*TASK STATEMENT*
Please report every line in the entries that contains the string "This".
--------------------------------------------------
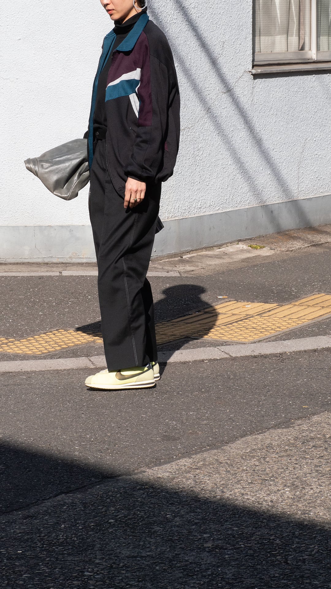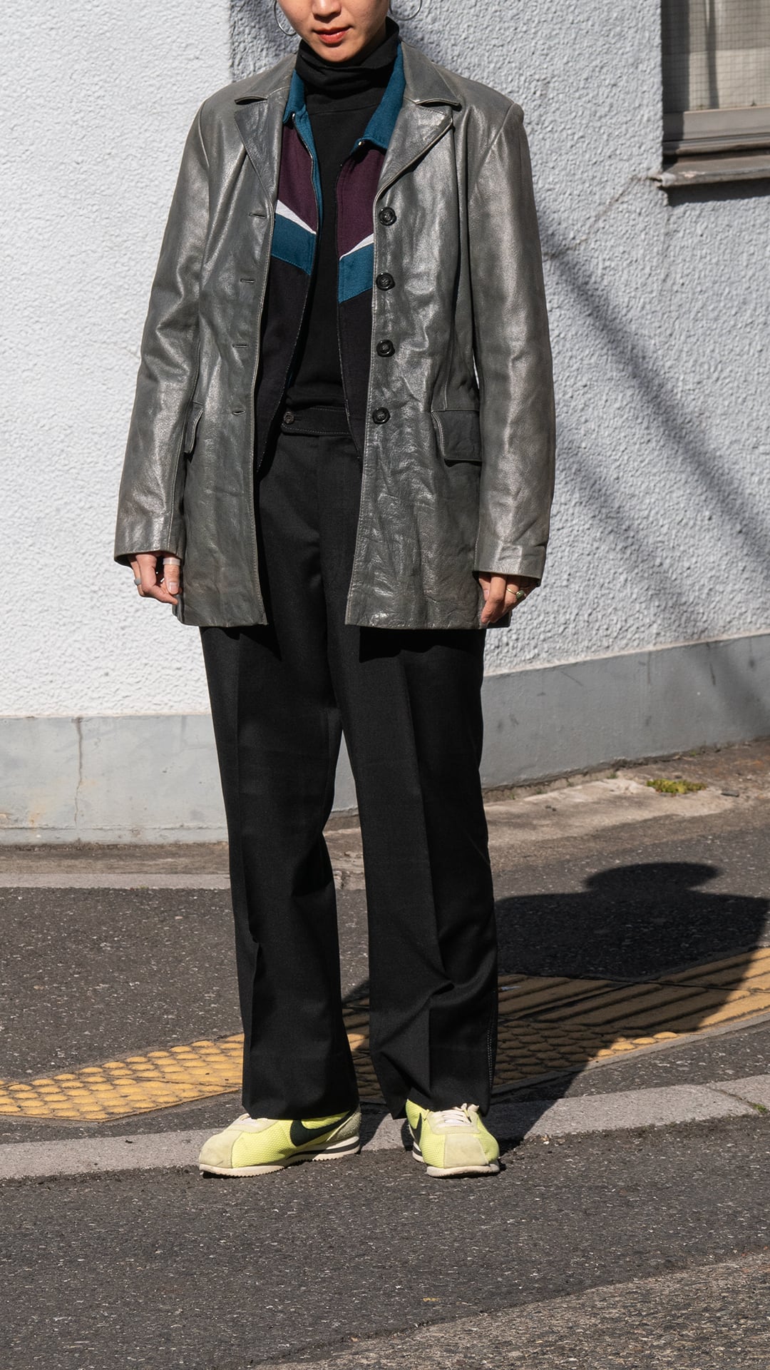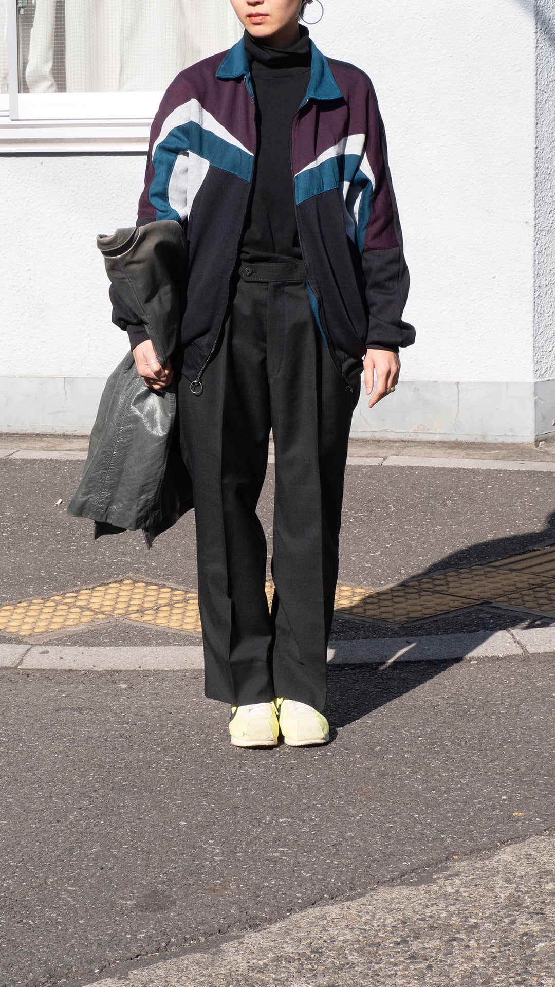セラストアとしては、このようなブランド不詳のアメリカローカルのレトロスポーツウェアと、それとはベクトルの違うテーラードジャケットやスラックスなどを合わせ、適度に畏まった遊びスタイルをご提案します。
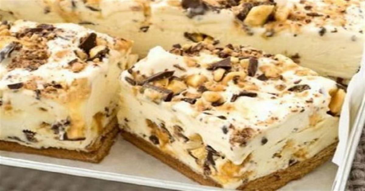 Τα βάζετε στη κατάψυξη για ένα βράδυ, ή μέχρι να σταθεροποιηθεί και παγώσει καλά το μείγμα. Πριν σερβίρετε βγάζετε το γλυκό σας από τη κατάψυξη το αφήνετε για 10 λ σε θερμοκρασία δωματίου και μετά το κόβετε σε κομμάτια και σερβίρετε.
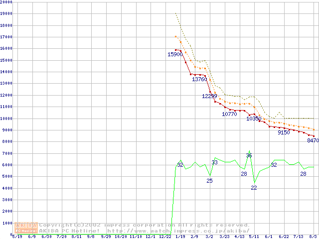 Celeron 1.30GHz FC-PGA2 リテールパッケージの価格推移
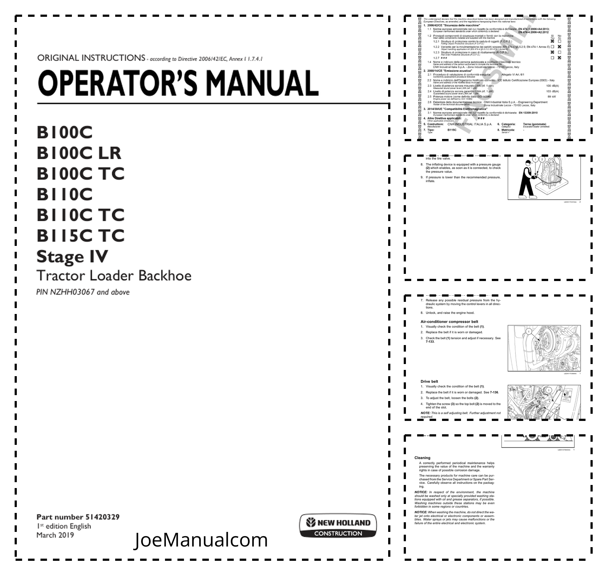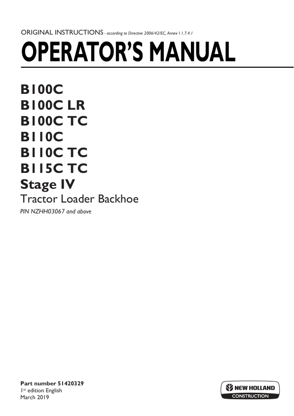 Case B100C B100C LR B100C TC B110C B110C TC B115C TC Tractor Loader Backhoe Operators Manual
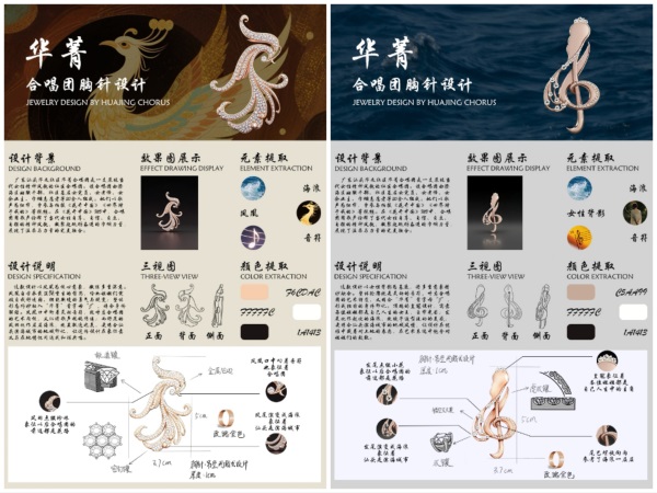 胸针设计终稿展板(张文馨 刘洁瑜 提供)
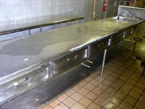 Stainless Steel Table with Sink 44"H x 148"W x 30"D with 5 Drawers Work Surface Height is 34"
--------------------------------------------------
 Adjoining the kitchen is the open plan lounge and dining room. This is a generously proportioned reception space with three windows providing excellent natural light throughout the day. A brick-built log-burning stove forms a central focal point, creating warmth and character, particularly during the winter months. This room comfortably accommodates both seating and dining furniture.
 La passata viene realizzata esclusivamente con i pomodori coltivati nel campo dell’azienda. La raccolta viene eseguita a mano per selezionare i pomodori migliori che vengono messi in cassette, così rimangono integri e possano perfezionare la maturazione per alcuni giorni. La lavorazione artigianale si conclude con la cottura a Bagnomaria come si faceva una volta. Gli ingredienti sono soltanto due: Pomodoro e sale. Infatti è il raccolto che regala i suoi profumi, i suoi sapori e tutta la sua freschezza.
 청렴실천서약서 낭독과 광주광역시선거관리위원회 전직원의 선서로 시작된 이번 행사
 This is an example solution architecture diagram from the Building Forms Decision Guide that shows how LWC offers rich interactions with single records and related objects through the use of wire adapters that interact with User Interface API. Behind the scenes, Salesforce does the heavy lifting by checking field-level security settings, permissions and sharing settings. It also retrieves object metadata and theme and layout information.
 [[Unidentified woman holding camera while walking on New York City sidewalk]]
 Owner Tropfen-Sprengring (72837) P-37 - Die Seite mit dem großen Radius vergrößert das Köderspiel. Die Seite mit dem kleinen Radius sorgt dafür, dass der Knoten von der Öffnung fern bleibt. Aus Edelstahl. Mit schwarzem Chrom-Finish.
--------------------------------------------------
*RESPONSE BELOW*
 Adjoining the kitchen is the open plan lounge and dining room. This is a generously proportioned reception space with three windows providing excellent natural light throughout the day. A brick-built log-burning stove forms a central focal point, creating warmth and character, particularly during the winter months. This room comfortably accommodates both seating and dining furniture.
 This is an example solution architecture diagram from the Building Forms Decision Guide that shows how LWC offers rich interactions with single records and related objects through the use of wire adapters that interact with User Interface API. Behind the scenes, Salesforce does the heavy lifting by checking field-level security settings, permissions and sharing settings. It also retrieves object metadata and theme and layout information.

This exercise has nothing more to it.